The Information Commissioner will also take over the bulk of the role of the Ombudsman in investigating complaints about handling of FOI requests. However, the Ombudsman will still have capacity to investigate complaints which relate to FOI where it would be more appropriate or effective for the Ombudsman to do so.

One aspect of the current law which has restricted the public’s access to information is cost. Cost should not deter reasonable requests for access to information. The bill, together with amendments proposed to regulations, removes all application fees, including for internal review.

No costs will apply for access to a person’s own information. The first five hours of decision-making time for applications from journalists and not-for-profit organisations will be free, and for all other applications the first hour of decision-making time will be free. Some of these measures will be implemented through amendment to regulations. The regulations will also be amended so that, if there is a failure to comply with a statutory time period, any charges will be waived. The Information Commissioner will be tasked with reviewing all charges within 12 months of the commissioner’s appointment.

The government is allocating $19.5 million over four years for the establishment and running of the Office of the Information Commissioner, in addition to the existing resources for the Office of the Privacy Commissioner.

Whilst the Privacy Act 1988 largely regulates the handling of personal information by Commonwealth agencies, access to and correction of a person’s own information is currently enforced through the FOI Act. Around 85 per cent to 90 percent of FOI requests annually are for personal information. The government proposes to amend the Privacy Act so that it is the principal legislation which provides for an enforceable right of access to and correction of an individual’s own information. That proposal will be addressed in draft legislation covering broader reforms to the Privacy Act expected to be released for public comment early in 2010.

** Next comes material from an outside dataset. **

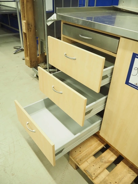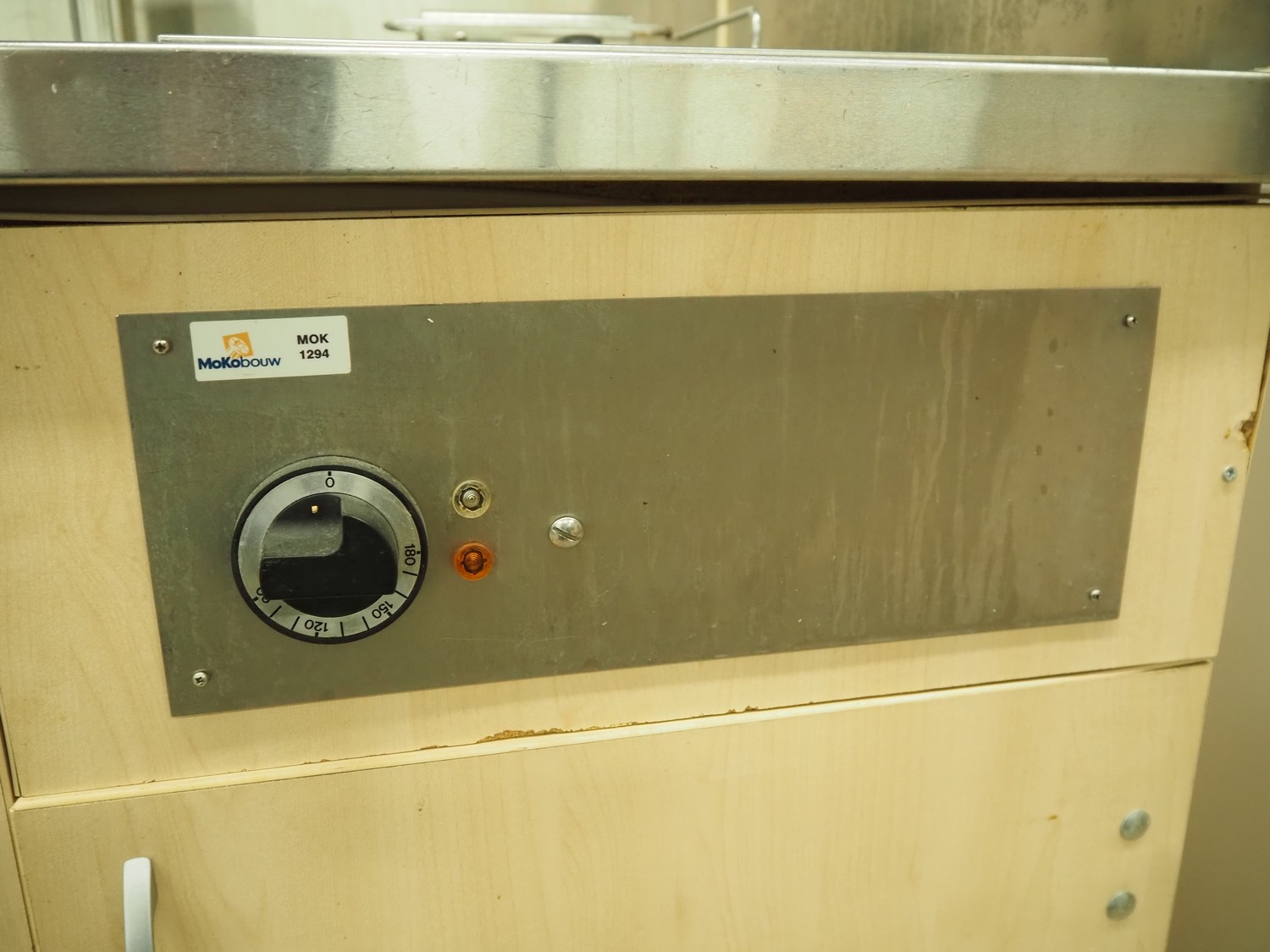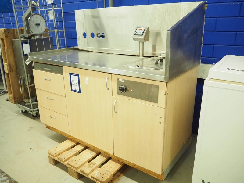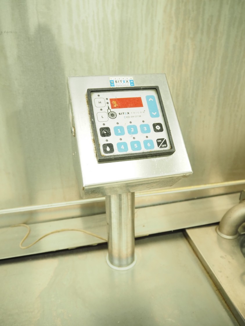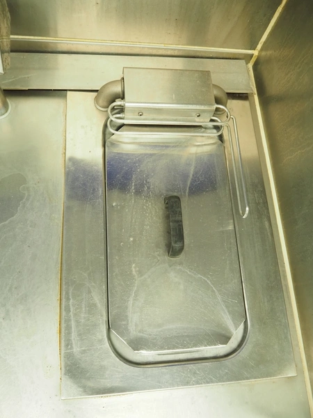 Sitex fryer with counter, s/s top, inside dimensions fryer: 410 mm x 210 mm x 200 mm, total dimensions: 1750 mm x 800 mm x 1500 mm.

The government believes that the legislation now before the parliament comprises a strong package of measures to enhance access to information for the Australian public. To ensure the reform package delivers effective change, provision is made in the bill for the act to be reviewed two years after the commencement of the reforms. The government will also consider further improvements and will ask the Australian Law Reform Commission to inquire into whether the FOI Act or another disclosure regime should apply to the private sector.

This government recognises that transparent and open government is a key component of a healthy and vibrant democracy. When the Rudd government was elected, Labor committed to significantly reform freedom of information laws, and these bills fulfil the government’s promise to the Australian public.

Debate (on motion by Mr Lindsay) adjourned.